Overall, this is a boon to Indian trading industry as such but we will have to wait and watch for next few years how this actually changes the Indian trading environment landscape.
In the recent circular issued by SEBI, the regulator has allowed Direct Market Access (DMA) in Indian Stock Market and this will surely be the most appreciated and timely technology transformation approval for the Indian stock market from the regulators. DMA is not new to the International trading industry. This blog is an attempt to give an overview of DMA and attempt to showcase how this will benefit Indian Markets as well.

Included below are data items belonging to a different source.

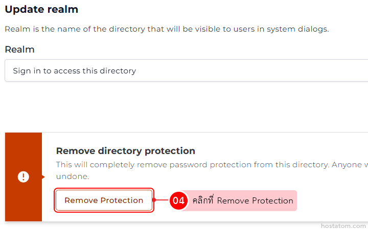 คลิกที่ Remove Protection ในส่วน Remove directory protection
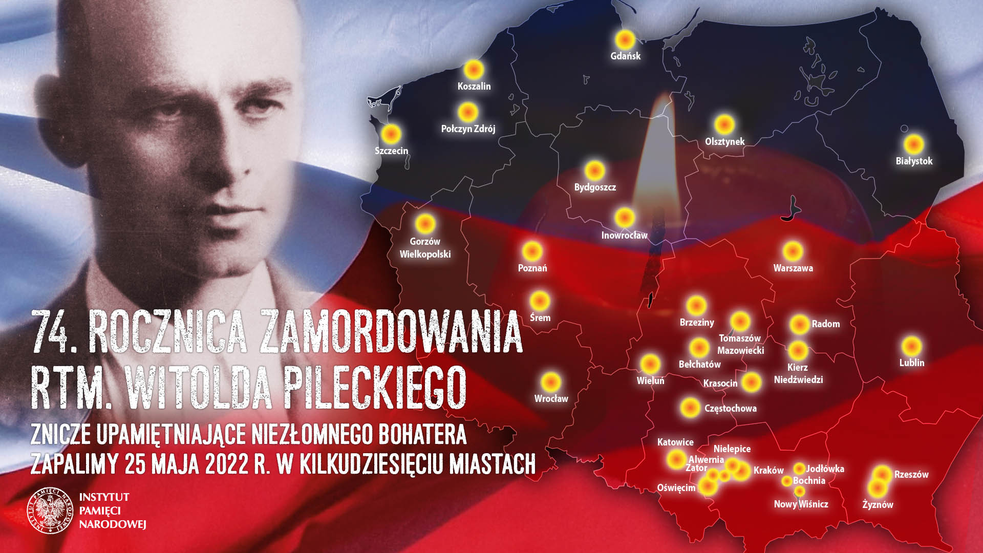 25 maja 2022 r. o godz. 21.30 w wielu miastach i miejscowościach zapłonęły znicze ku czci rtm. Pileckiego.
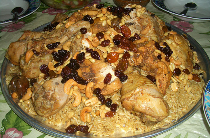 Популярное на всем Ближнем Востоке блюдо в Саудовской Аравии готовят из риса, смешанного с большим количеством специй (гвоздика, кардамон, шафран, корица, мускатный орех и проч), мясом и овощами. Если вы сможете осилить всю порцию, предложенную гостеприимным хозяином, то вы, вероятно, станете первым иностранцем, совершившим такой гастрономический подвиг.
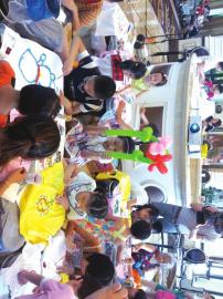 在“缤纷童趣艺术节”上,绘画老师在现场指导了数十名孩子用画笔和颜料在T恤上发挥想象进行创作。“把你心中最喜欢的东西画出来吧。”还未等老师话音落下,孩子们在调色盘里已经调好了颜色。有的画起了哆啦A梦,有的画起了蝴蝶和小鸟,还有的画起了汽车和火箭。
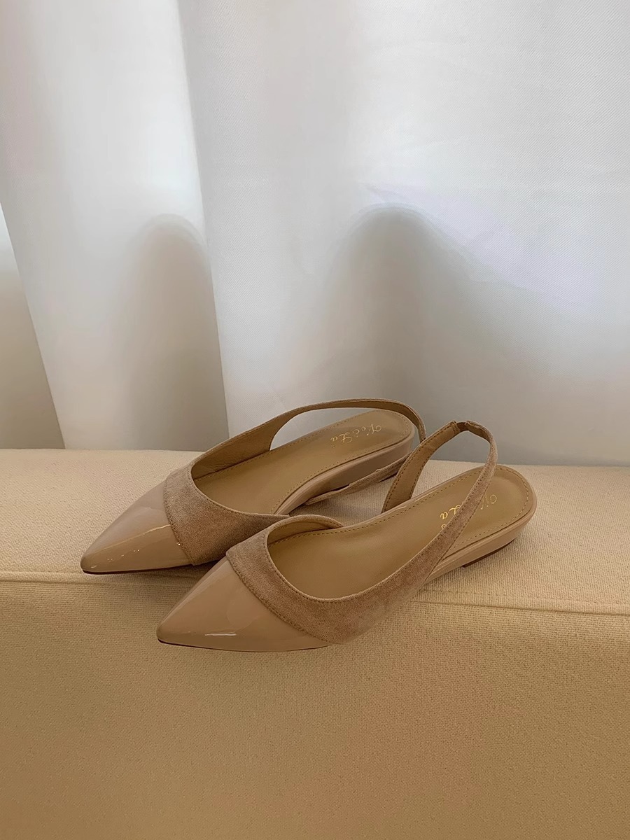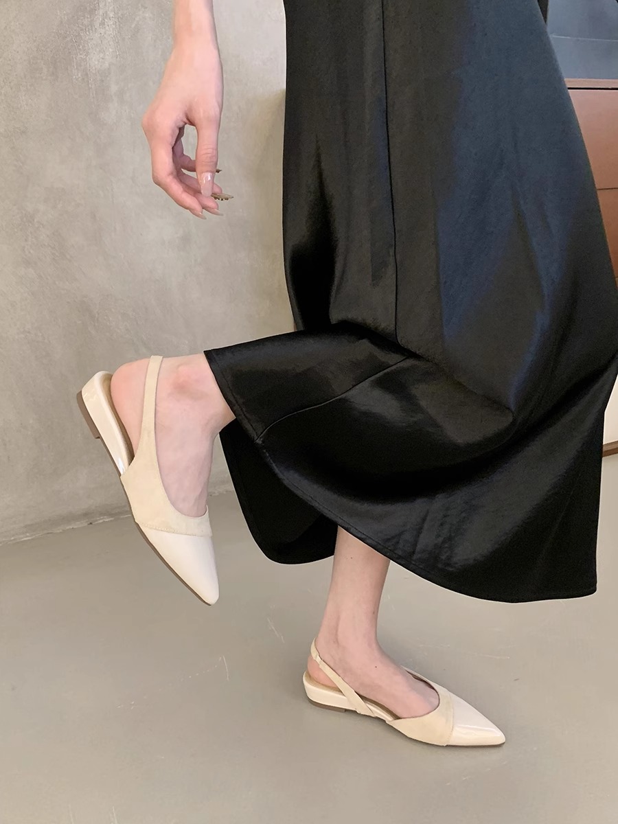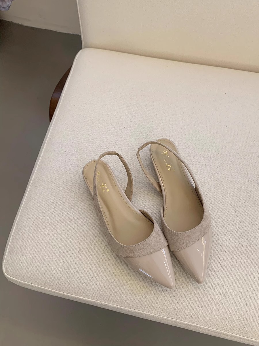 Francés de tacón bajo rosa suave Baotou sandalias zapatos de hadas 2025 nuevo estilo primavera y verano punta puntiaguda noche temperamento zapatos individuales

DMA is basically automated routing of an order or routing an order with no manual intervention directly to an execution venue – exchanges (NSE, BSE in India) or other liquidity pools (internationally). It gives more control to Buy-side (institutions like LIC, and other mutual funds) for faster, lower cost & anonymous executions. International Markets have used this technology to aggregate the liquidity. For India, this will possibly start to create more liquidity and giving more power to the institutions. DMA has already matured in International markets and it has become more of a service from the broker platform.
DMA has different forms but possibly India will start from Pure DMA, which includes basic order types only and then will advance to other forms and reach where strategies can be defined at the system level.
What India will benefit from DMA approval?
Due to DMA setup and operations, some of the benefits that entire trading industry in India will reap are as follows:
#There will be increase participation from the buy-side firms more-so-ever knowing that more control for execution will be with them.
#The trade volume will increase without influencing the steep rise or fall in stock price
#The market fluctuation due to large order entries will be negligible as the large order will be sent to exchange in small lots by the algorithmic trading systems
#The insider trading will be reduced which used to be achieved by small community by knowing the details of large orders
#The infrastructure and the systems will be upgraded to handle increasing order flow and efficient order flow. Though, Indain exchanges have one of the best matching engines and connectivity for their brokers.
#There will be reduced dependency on the brokers and more emphasis will be on systems capability at brokers outlet rather than individual dealer capabilities (manual dependency)
#Although the network will be complicated but easier to monitor and maintain as per regulatory requirement which is good news.
#This will provide an opportunity for other technologies to be implemented and tested in the Indian Market as well making it more world class
This change is vital for the next revolution in Indian stock market - using advanced technologies in electronic trading.
What is important to note here is that currently DMA is applicable for Institutions only. But primarily, worldwide, Institutions are the biggest beneficiaries of DMA as financial technology. This has actually given powers to execute and define their strategies without requesting the brokers for the same. The broker will have an additional role to establish & rent this infrastructure to their institutional clients if they have to continue in this business. Many small brokers may have to merge with the bigger ones.
Overall, this is a boon to Indian trading industry as such but we will have to wait and watch for next few years how this actually changes the Indian trading environment landscape.